Restate the data below word for word, and let no image into your version.

DATA BLOCK:

□ □ □

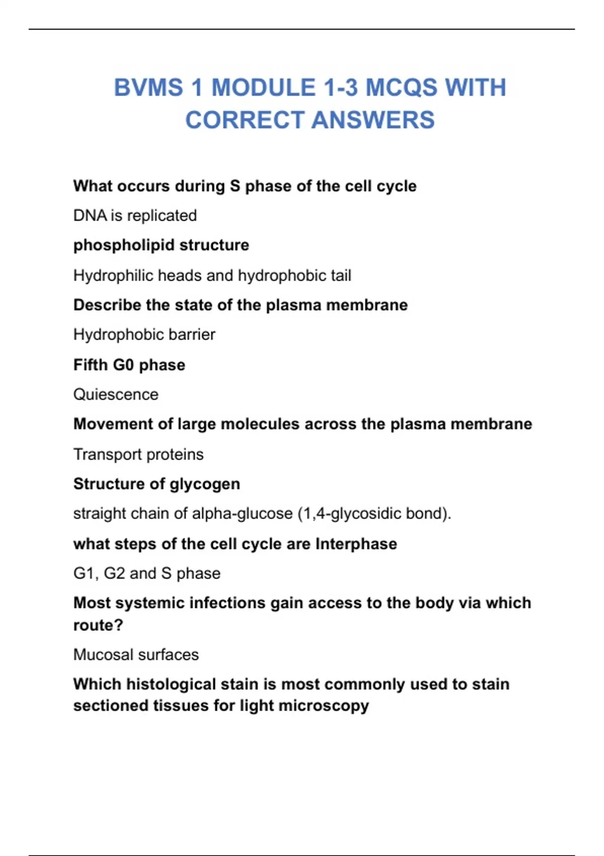 BVMS 1 MODULE 1-3 MCQS WITH CORRECT ANSWERS
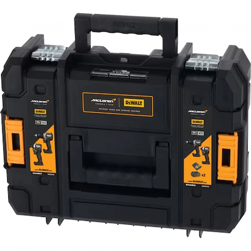 Всемирно известный бренд DeWALT стал официальным партнером по поставке инструментов для команды McLaren Formula 1. В знак дружеских отношений компания DeWALT недавно выпустила лимитированную серию инструментов, в том числе дрель-шуруповерт DCD85ME (на базе DCD850) и шуруповерт DCF85M (на базе DCF805). Инструмент оформлен в стилистике McLaren под карбон, выглядит эффектно. В комплект входят два аккумуляторa McLaren Edition 18V 5 Ач и зарядное устройство. Набор поставляется в кейсе TSTAK черного цвета.
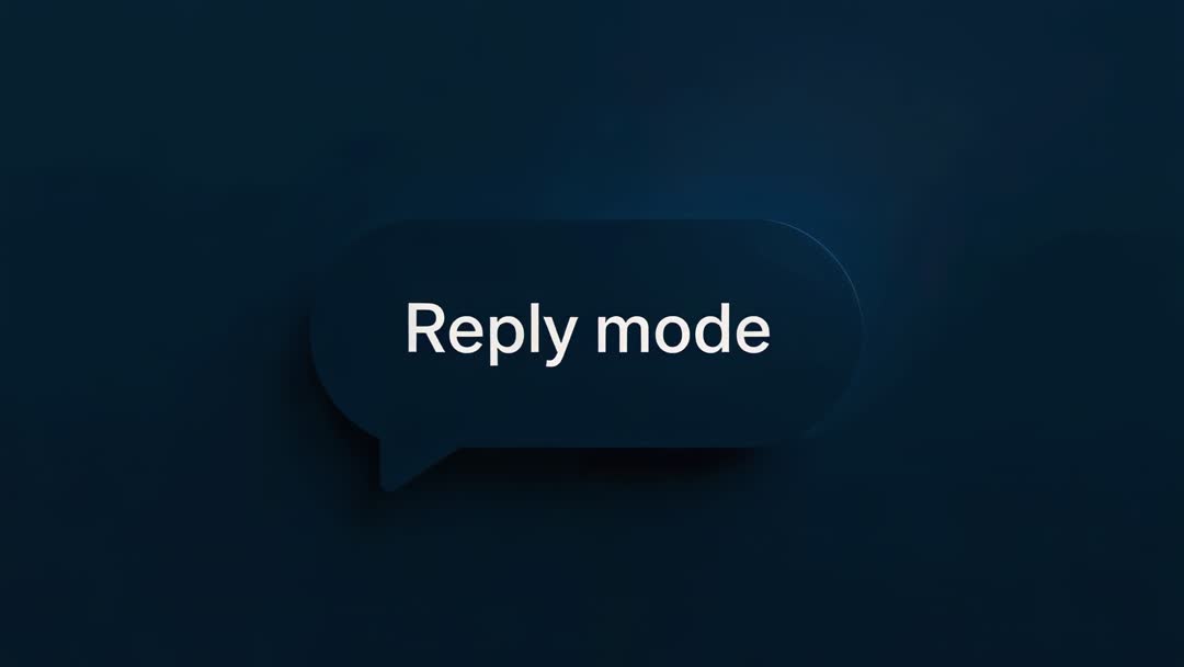 AI Generated Video. Showing rounded speech bubble labeled Reply mode centered on navy-blue gradient background with soft drop shadow. Design featuring pill-shaped bubble, white sans-serif text, subtle bevel, and high-contrast presentation for dark mode interfaces and modern messaging apps. Working well as app tutorial clip, UI demo, onboarding animation, promotional video, product landing hero, blog header, social media ad, or UX presentation focusing on messaging, reply features, or AI chat functionality. Providing ample negative space for overlay copy or logo placement, with centered composition and gentle vignette drawing attention to bubble. Useful for designers and marketers needing clean visual for feature announcement, update notes, in-app prompts, or explainer videos; easily integrating into brand palette or animating with slight pop and fade for engaging microinteraction.

□ □ □

ANSWER BOX:
 BVMS 1 MODULE 1-3 MCQS WITH CORRECT ANSWERS
 Всемирно известный бренд DeWALT стал официальным партнером по поставке инструментов для команды McLaren Formula 1. В знак дружеских отношений компания DeWALT недавно выпустила лимитированную серию инструментов, в том числе дрель-шуруповерт DCD85ME (на базе DCD850) и шуруповерт DCF85M (на базе DCF805). Инструмент оформлен в стилистике McLaren под карбон, выглядит эффектно. В комплект входят два аккумуляторa McLaren Edition 18V 5 Ач и зарядное устройство. Набор поставляется в кейсе TSTAK черного цвета.
 AI Generated Video. Showing rounded speech bubble labeled Reply mode centered on navy-blue gradient background with soft drop shadow. Design featuring pill-shaped bubble, white sans-serif text, subtle bevel, and high-contrast presentation for dark mode interfaces and modern messaging apps. Working well as app tutorial clip, UI demo, onboarding animation, promotional video, product landing hero, blog header, social media ad, or UX presentation focusing on messaging, reply features, or AI chat functionality. Providing ample negative space for overlay copy or logo placement, with centered composition and gentle vignette drawing attention to bubble. Useful for designers and marketers needing clean visual for feature announcement, update notes, in-app prompts, or explainer videos; easily integrating into brand palette or animating with slight pop and fade for engaging microinteraction.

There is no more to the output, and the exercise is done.